Removing an item also becomes quite simple as we can just null the pointer, essentially making the cell un-referenced.

#define CELLPOINTER_IDX_TO_OFFSET(idx) \
    (idx * sizeof(CellPointer) + sizeof(PageHeader))

void remove_cell(void* page, uint16_t idx) {
    uint16_t pointer_offset = CELLPOINTER_IDX_TO_OFFSET(idx);

    PAGE_HEADER(page)->flags |= CAN_COMPACT;
    ((CellPointer*)(page + pointer_offset))->cell_location = 0;
}

You might notice that we don’t reclaim space on removal, but instead set a flag, CAN_COMPACT. If we have a lot of INSERT and DELETE statements that target the same node we may find ourselves low on free space even though there are few referenced cells. To solve this we can perform a garbage collection job. This is equivalent to commands like VACUUM in PostgreSQL and OPTIMIZE TABLE in MySQL. A basic approach would be to walk over the pointer list copying non null pointers and their cells into a new in memory page while skipping over the null ones. Once that is complete we can re write everything back into the original page and update the free_start and free_end pointers.

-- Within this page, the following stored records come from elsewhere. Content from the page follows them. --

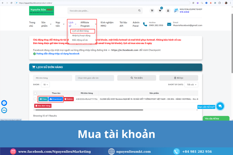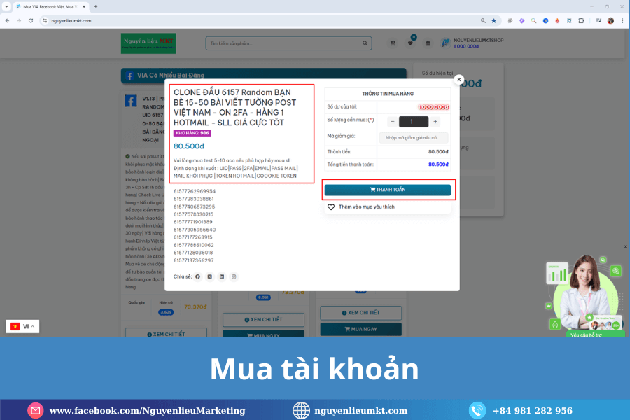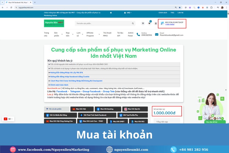 Hiện nay, có rất nhiều anh em cần mua VIA để chạy quảng cáo, seeding, hay nhu cầu khác. Tuy nhiên lại không biết cách để mua sao cho nhanh và tiện lợi nhất. Hôm nay Nguyên liệu MKT xin phép được chia sẻ cách để có thể giao dịch hoàn toàn tự động trong 1 phút. Vô cùng tiện lợi và an toàn tại web bán tài nguyên: Nguyenlieumkt.com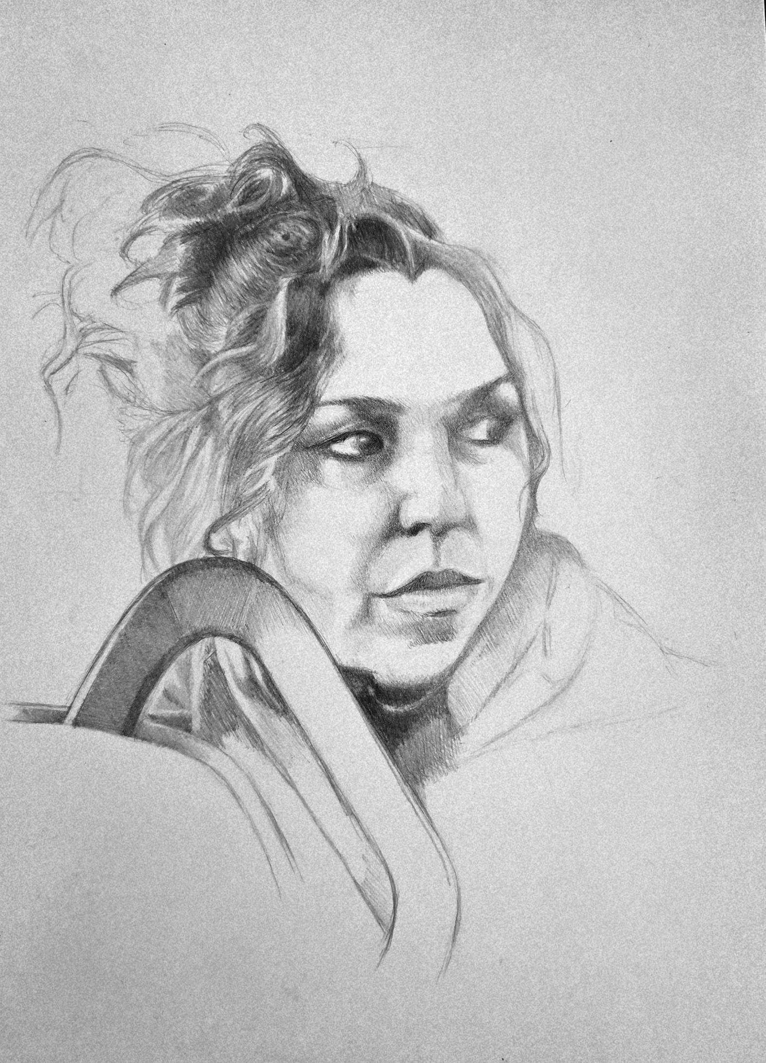 7 maart 2026De mysterieuze dame uit de bus vordert langzaam… maar gestaag. Het is toch wel het meest bijzondere portret in mijn artistieke bestaan waar ik nu aan werk. Niet in de laatste plaats omdat ik haar stiekem fotografeerde en eigenlijk nog steeds niet weet wat me bezielde om me daartoe te bewegen. Het was een impuls die ik nog niet eerder heb gehad. Niet vanuit huidhonger, iets wat ik wel degelijk voel sinds mijn scheiding (nu bijna twee jaar geleden), maar vanuit zuivere ooghonger.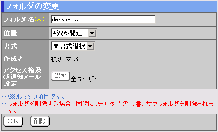 ※アクセス権変更確認画面を表示するのは、旧フォルダ情報のアクセス権と比較して変更があり、更新する必要のある子フォルダ、文書が存在する場合とします。
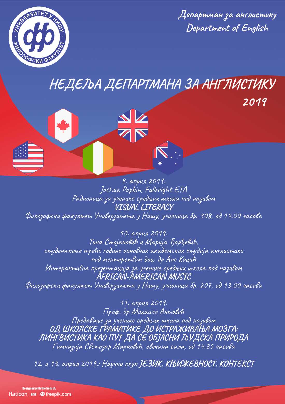 Обавештавамо вас да ће се Недеља Департмана за англистику Филозофског факултета у Нишу одржати у периоду од 9. до 13. априла 2019. године према следећем програму: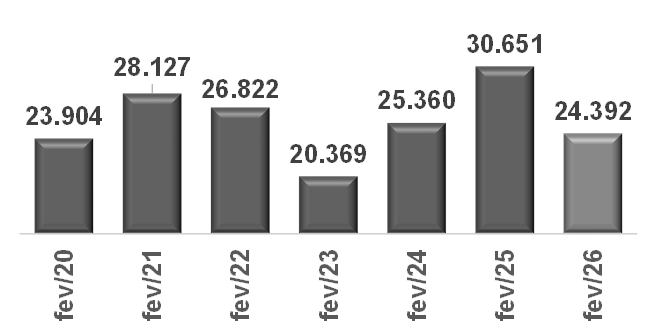 • Nesse sentido, o resultado não só se situou abaixo de 2025 (+30.651) como também da média entre 2020 e 2025 (+25.872);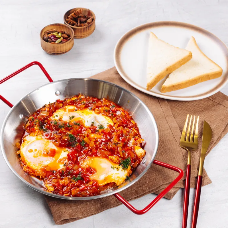 Яркое восточное блюдо из яиц, томатов, болгарского перца и специй, обжаренных до идеального баланса вкуса. Подаётся с хрустящими тостами. Идеальный завтрак с характером!
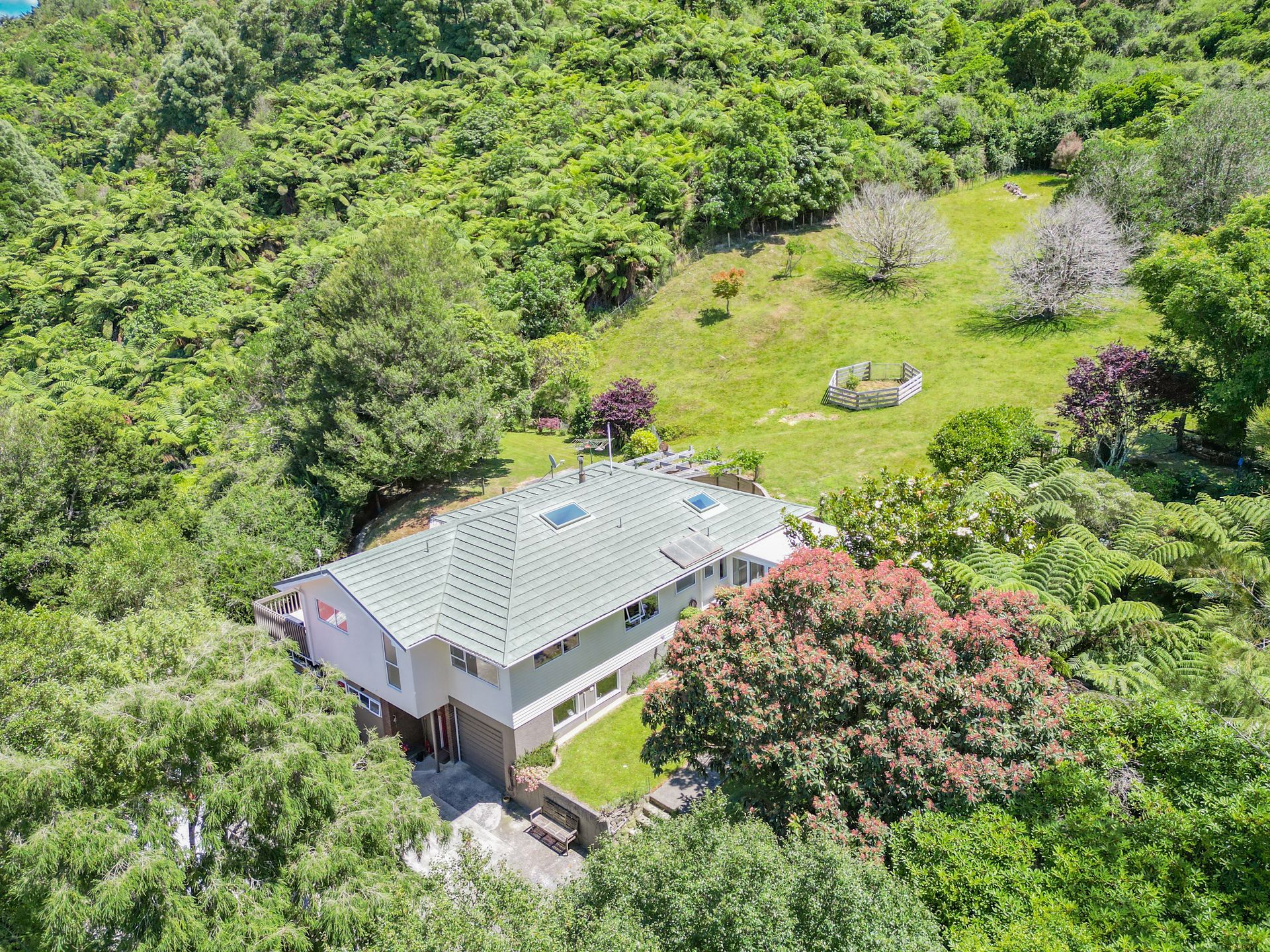 There is also an added bonus of potential revenue stream from the downstairs apartment currently listed as a successful Airbnb. With its integral access to the main house, it is also perfect for an extended family. This private retreat offers a rare opportunity alongside its recreational appeal.

typedef struct PointerList {
    CellPointer* start;
    uint16_t size;
} PointerList;

PointerList pointer_list(void* page) {
    PageHeader* header = PAGE_HEADER(page);
    PointerList list;
    list.start = page + sizeof(PageHeader);
    list.size = (header->free_start - sizeof(PageHeader)) / sizeof(CellPointer);

    return list;
}

void compact(void* page) {
    PageHeader* header = PAGE_HEADER(page);
    PointerList plist = pointer_list(page);

    if (!(header->flags & CAN_COMPACT))
        return;

    void* copy = new_page(ROOT, 0);
    CellPointer* cur_pointer;
    for (int i = 0; i < plist.size; i++) {
        cur_pointer = plist.start + i;

        // Only copy live cell pointers and cells
        if (cur_pointer->cell_location != 0) {
            add_cell(copy, page + cur_pointer->cell_location, cur_pointer->cell_size);
        }
    }

    header->free_start = PAGE_HEADER(copy)->free_start;
    header->free_end = PAGE_HEADER(copy)->free_end;
    header->total_free = header->free_end - header->free_start;
    header->flags &= ~CAN_COMPACT;
    memcpy(page + sizeof(PageHeader), copy + sizeof(PageHeader), PAGE_SIZE - sizeof(PageHeader));

    free(copy);
}

The result would look like this:

Finding a key in a page becomes a matter of doing a binary search over the pointers, dereferencing them to get the cell, and compare the key.

Finally if your schema contains something that goes beyond what is reasonable for a page to store then you can use overflow pages. Overflow pages are simply pages that contain spill over data for a record. For example if you use some_col VARCHAR(500) maybe only the first N bytes are stored in the leaf node page and the rest would go into an overflow page. This is what MySQL does with alot of it’s row formats, like DYNAMIC.

Hopefully this helps demystify how database storage engines physically layout and work with your data. If you want even more juicy details I recommend picking up Database Internals. All the example code provided here can be found in working form in this Github repo.